§ **Source information**
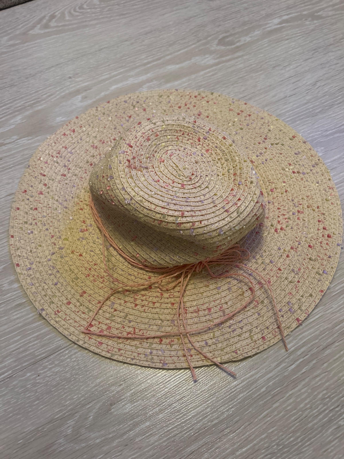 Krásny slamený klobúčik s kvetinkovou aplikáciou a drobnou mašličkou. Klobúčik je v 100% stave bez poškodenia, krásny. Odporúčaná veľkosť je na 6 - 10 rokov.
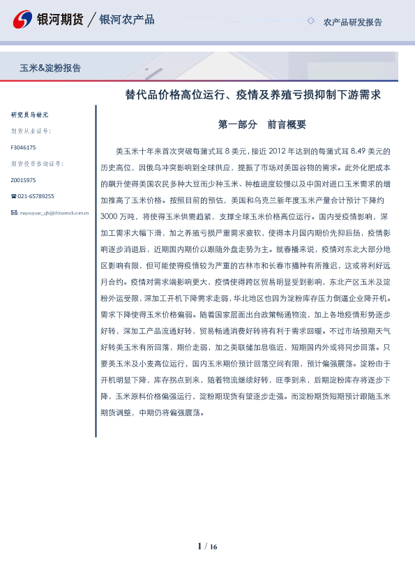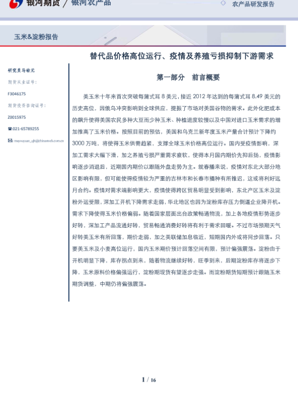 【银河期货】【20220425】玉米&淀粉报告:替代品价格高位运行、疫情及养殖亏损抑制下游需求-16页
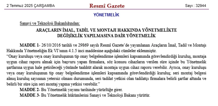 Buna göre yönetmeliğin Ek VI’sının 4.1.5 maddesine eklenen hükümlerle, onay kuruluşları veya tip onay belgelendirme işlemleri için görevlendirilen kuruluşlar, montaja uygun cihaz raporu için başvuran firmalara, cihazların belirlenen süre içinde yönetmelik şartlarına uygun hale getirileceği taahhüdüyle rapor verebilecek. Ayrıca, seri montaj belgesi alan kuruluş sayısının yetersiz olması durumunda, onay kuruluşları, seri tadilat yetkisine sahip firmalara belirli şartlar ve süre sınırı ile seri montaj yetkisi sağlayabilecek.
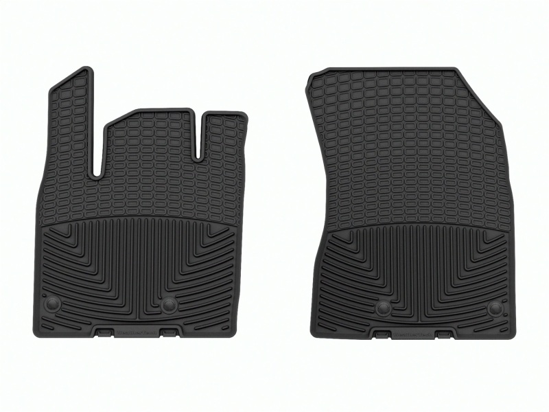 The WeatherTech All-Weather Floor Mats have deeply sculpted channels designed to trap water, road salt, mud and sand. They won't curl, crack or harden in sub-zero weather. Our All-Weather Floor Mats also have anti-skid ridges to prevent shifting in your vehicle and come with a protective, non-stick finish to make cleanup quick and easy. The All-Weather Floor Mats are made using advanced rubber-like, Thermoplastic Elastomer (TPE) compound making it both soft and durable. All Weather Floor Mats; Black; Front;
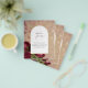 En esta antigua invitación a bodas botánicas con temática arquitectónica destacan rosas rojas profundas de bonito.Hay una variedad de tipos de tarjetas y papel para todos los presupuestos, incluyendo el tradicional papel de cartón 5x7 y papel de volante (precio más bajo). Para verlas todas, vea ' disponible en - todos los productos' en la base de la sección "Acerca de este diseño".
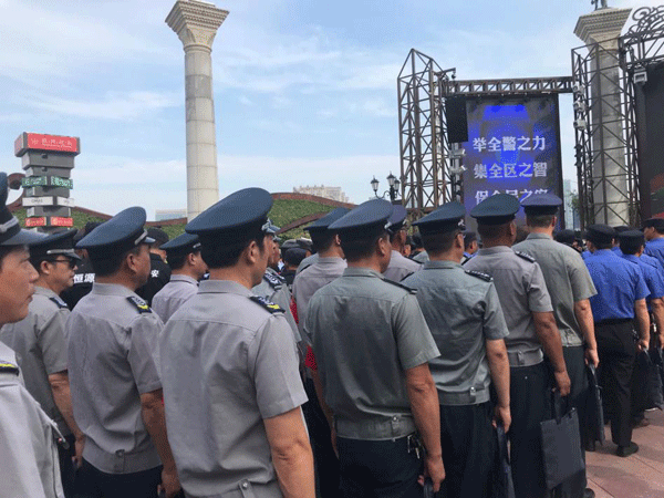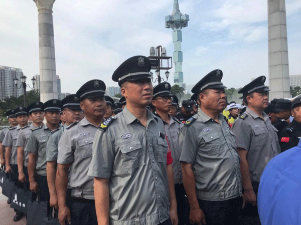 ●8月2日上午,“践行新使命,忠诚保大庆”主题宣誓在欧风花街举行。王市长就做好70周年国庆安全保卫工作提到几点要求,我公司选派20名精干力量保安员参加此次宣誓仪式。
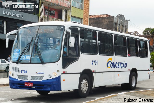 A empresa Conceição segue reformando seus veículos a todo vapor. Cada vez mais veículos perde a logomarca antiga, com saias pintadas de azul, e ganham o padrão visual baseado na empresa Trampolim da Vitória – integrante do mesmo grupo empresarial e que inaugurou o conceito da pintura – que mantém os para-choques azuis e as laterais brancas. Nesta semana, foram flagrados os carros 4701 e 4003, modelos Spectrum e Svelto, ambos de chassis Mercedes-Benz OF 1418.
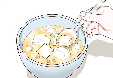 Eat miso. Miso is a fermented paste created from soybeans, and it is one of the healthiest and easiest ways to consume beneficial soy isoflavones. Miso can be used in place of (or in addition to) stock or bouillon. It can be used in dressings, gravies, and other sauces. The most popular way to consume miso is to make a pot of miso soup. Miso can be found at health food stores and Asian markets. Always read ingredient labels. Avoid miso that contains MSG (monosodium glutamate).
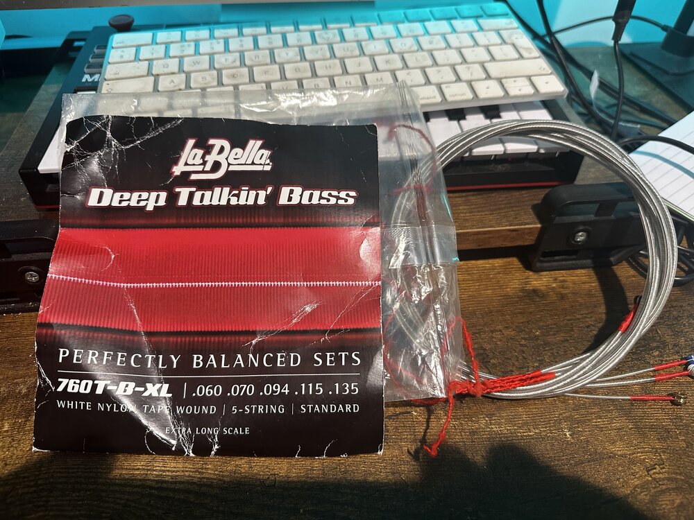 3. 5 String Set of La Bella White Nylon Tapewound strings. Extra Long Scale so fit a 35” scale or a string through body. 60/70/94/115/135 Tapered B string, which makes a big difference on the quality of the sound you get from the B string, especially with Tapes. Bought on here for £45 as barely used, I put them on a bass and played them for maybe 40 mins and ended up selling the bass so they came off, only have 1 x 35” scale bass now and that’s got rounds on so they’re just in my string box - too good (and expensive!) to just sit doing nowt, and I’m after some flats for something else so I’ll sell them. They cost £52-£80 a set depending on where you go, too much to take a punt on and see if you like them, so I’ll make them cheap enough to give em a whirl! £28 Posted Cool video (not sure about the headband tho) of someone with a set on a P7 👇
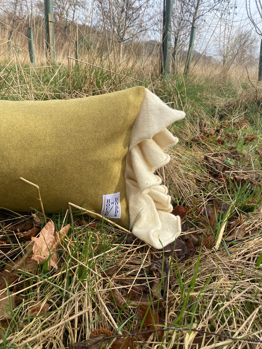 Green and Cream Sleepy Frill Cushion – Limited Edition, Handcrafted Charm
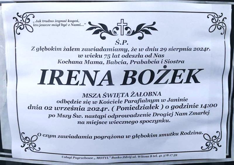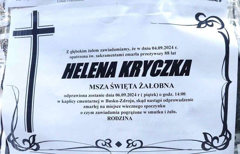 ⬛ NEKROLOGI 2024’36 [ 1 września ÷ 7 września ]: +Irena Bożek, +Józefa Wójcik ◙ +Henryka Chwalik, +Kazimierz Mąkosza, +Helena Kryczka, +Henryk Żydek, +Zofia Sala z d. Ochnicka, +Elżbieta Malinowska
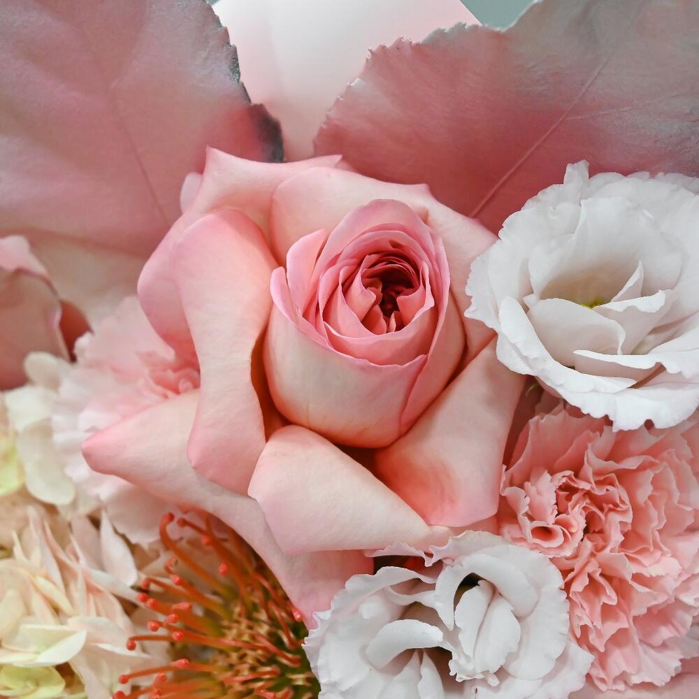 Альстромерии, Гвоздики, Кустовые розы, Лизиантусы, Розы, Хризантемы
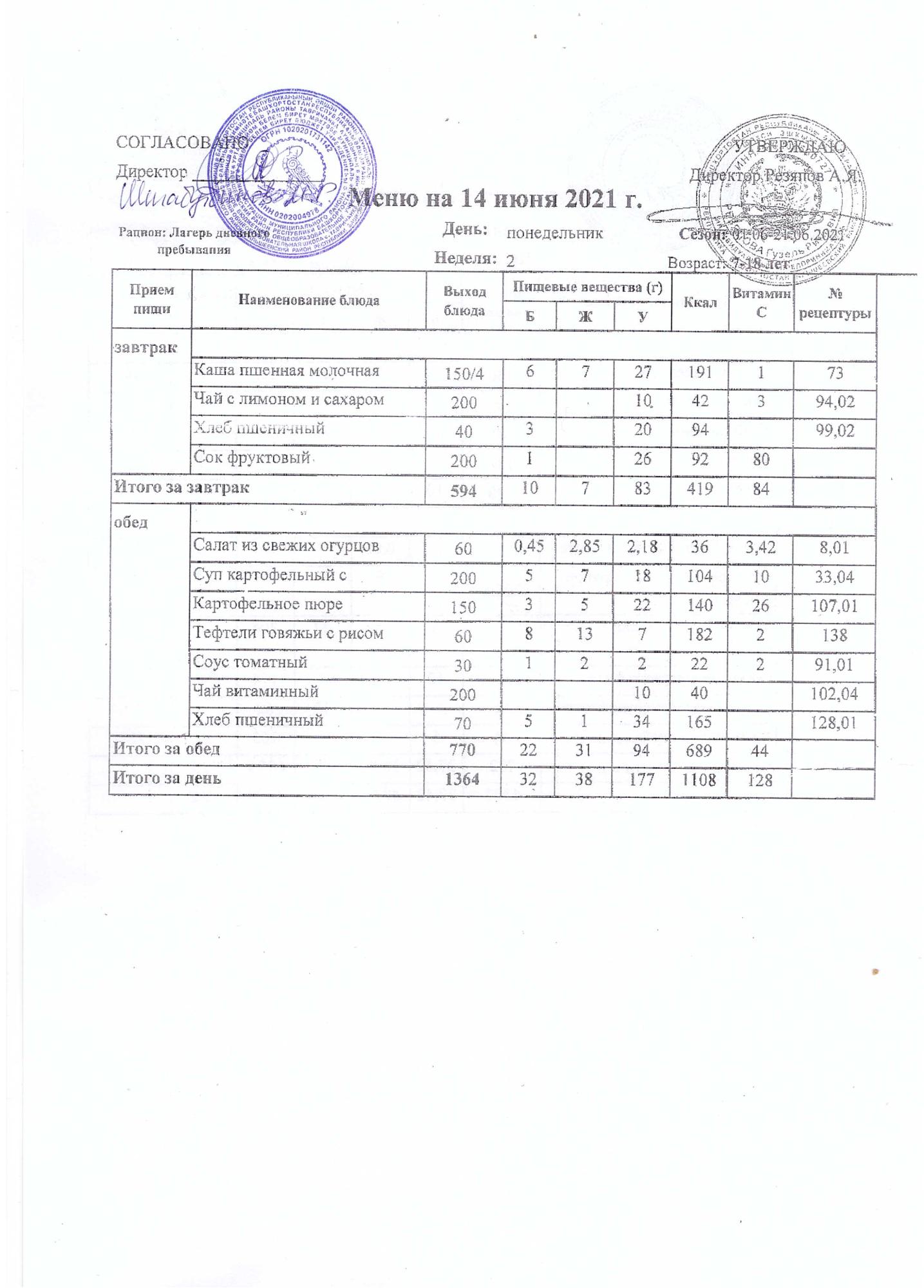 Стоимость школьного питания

§ **Activity**
Return verbatim every line from the one holding "3. 5 String" to the end of the records above. Do not copy the pictures.

§ **Answer box**
 3. 5 String Set of La Bella White Nylon Tapewound strings. Extra Long Scale so fit a 35” scale or a string through body. 60/70/94/115/135 Tapered B string, which makes a big difference on the quality of the sound you get from the B string, especially with Tapes. Bought on here for £45 as barely used, I put them on a bass and played them for maybe 40 mins and ended up selling the bass so they came off, only have 1 x 35” scale bass now and that’s got rounds on so they’re just in my string box - too good (and expensive!) to just sit doing nowt, and I’m after some flats for something else so I’ll sell them. They cost £52-£80 a set depending on where you go, too much to take a punt on and see if you like them, so I’ll make them cheap enough to give em a whirl! £28 Posted Cool video (not sure about the headband tho) of someone with a set on a P7 👇
 Green and Cream Sleepy Frill Cushion – Limited Edition, Handcrafted Charm
 ⬛ NEKROLOGI 2024’36 [ 1 września ÷ 7 września ]: +Irena Bożek, +Józefa Wójcik ◙ +Henryka Chwalik, +Kazimierz Mąkosza, +Helena Kryczka, +Henryk Żydek, +Zofia Sala z d. Ochnicka, +Elżbieta Malinowska
 Альстромерии, Гвоздики, Кустовые розы, Лизиантусы, Розы, Хризантемы
 Стоимость школьного питания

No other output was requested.